== Extracted records

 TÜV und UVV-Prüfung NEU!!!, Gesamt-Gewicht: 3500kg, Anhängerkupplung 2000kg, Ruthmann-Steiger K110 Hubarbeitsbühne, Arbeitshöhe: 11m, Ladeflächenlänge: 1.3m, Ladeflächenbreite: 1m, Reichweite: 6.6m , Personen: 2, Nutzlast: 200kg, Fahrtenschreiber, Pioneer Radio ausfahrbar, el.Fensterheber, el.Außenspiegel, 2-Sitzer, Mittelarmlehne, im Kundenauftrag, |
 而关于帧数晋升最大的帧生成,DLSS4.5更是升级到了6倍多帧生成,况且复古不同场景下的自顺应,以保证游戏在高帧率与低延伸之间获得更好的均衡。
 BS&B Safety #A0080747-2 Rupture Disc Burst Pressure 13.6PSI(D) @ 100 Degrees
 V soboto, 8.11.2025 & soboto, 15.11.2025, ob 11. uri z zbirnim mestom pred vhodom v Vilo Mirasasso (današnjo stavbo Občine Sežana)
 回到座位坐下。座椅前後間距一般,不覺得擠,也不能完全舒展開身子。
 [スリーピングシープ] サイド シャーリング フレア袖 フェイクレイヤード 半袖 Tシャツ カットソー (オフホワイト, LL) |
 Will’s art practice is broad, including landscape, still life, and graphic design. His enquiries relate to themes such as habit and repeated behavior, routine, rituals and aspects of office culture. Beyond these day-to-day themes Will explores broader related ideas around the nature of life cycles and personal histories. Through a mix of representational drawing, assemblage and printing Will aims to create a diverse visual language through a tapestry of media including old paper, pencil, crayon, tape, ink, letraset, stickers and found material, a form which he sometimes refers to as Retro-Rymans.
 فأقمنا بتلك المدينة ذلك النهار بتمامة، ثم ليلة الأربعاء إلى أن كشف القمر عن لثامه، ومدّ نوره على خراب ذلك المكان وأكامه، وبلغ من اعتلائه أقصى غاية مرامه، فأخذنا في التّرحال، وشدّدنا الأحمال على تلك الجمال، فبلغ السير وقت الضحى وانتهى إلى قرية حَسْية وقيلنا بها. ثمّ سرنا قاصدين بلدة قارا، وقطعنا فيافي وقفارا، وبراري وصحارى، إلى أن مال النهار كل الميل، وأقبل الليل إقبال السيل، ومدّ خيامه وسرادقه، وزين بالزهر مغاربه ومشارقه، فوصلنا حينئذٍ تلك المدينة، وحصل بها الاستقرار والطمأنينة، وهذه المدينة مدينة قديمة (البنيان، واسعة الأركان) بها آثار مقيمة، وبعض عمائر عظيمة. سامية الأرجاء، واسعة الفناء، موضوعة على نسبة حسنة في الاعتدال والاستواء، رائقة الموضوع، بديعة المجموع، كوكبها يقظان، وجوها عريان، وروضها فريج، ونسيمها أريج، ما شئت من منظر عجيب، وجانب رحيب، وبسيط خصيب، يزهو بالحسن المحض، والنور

====
== Extracted records

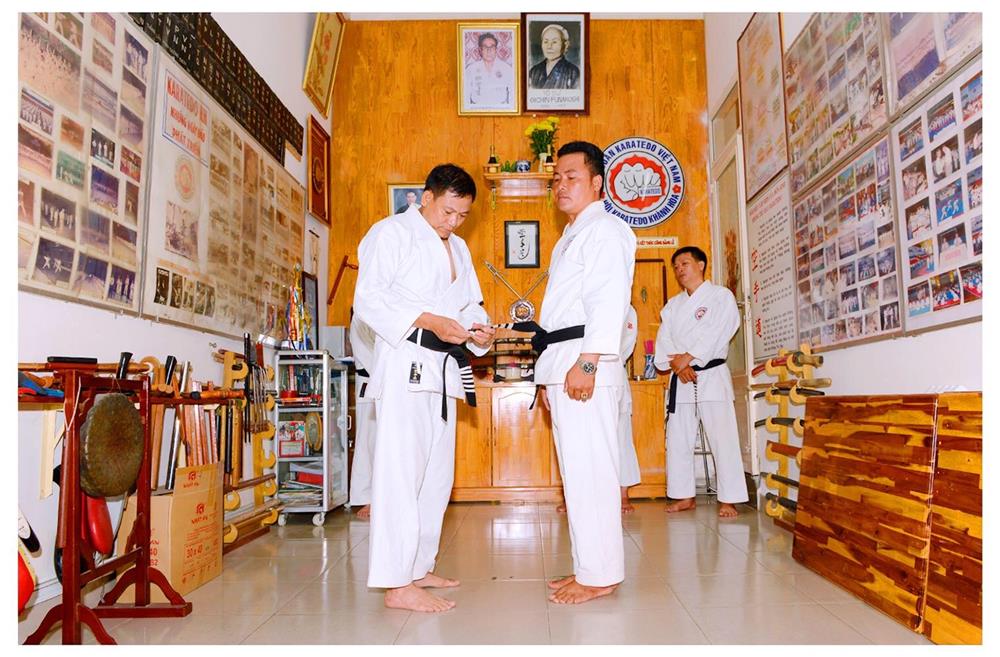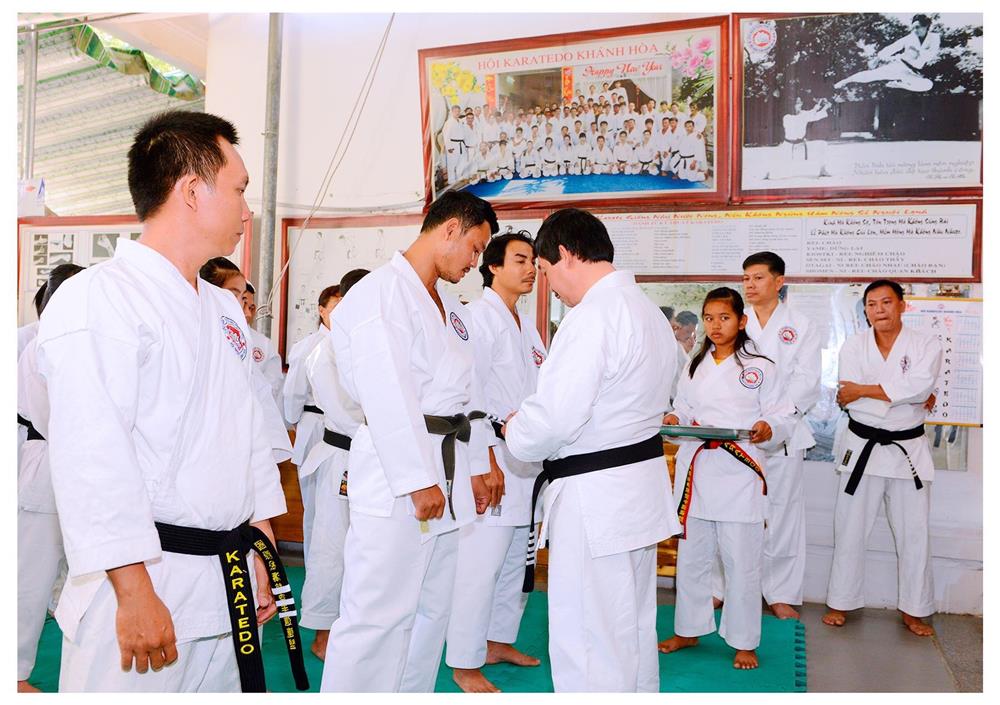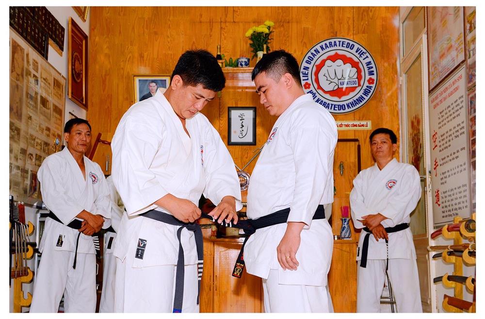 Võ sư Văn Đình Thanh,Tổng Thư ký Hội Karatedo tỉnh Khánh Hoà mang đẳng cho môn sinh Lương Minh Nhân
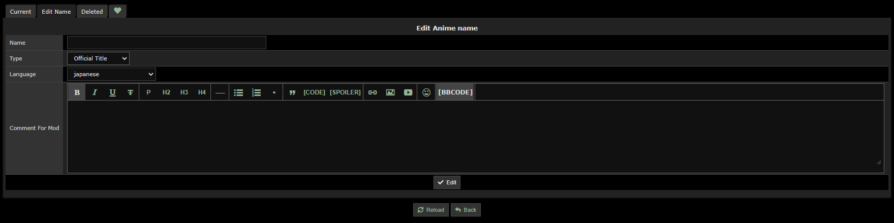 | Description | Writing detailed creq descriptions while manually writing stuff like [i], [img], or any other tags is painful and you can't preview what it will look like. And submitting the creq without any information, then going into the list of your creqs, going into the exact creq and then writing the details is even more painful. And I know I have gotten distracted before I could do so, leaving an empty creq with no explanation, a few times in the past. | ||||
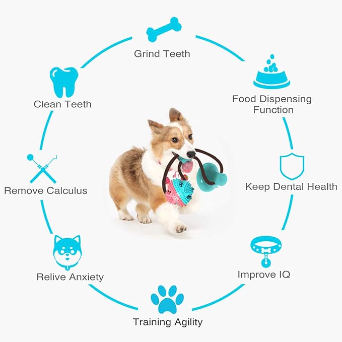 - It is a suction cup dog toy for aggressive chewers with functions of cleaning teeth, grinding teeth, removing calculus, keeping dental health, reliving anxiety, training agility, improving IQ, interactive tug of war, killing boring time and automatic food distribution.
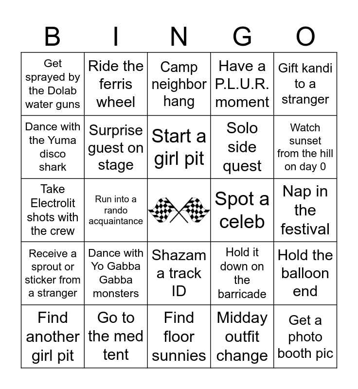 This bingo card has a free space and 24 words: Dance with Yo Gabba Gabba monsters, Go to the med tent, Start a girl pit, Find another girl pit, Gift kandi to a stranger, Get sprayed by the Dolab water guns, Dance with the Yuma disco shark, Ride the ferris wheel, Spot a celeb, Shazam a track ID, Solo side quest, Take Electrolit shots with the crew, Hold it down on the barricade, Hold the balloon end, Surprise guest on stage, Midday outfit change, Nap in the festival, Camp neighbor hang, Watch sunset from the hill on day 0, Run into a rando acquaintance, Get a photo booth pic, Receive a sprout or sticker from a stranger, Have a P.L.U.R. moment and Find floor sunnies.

====

What the task requires: Retype, in the same exact form, the lines of the material above from the line holding "BS&B Safety #A0080747-2" through the line holding "[スリーピングシープ] サイド シャーリング".

Solution for this exercise:
 BS&B Safety #A0080747-2 Rupture Disc Burst Pressure 13.6PSI(D) @ 100 Degrees
 V soboto, 8.11.2025 & soboto, 15.11.2025, ob 11. uri z zbirnim mestom pred vhodom v Vilo Mirasasso (današnjo stavbo Občine Sežana)
 回到座位坐下。座椅前後間距一般,不覺得擠,也不能完全舒展開身子。
 [スリーピングシープ] サイド シャーリング フレア袖 フェイクレイヤード 半袖 Tシャツ カットソー (オフホワイト, LL) |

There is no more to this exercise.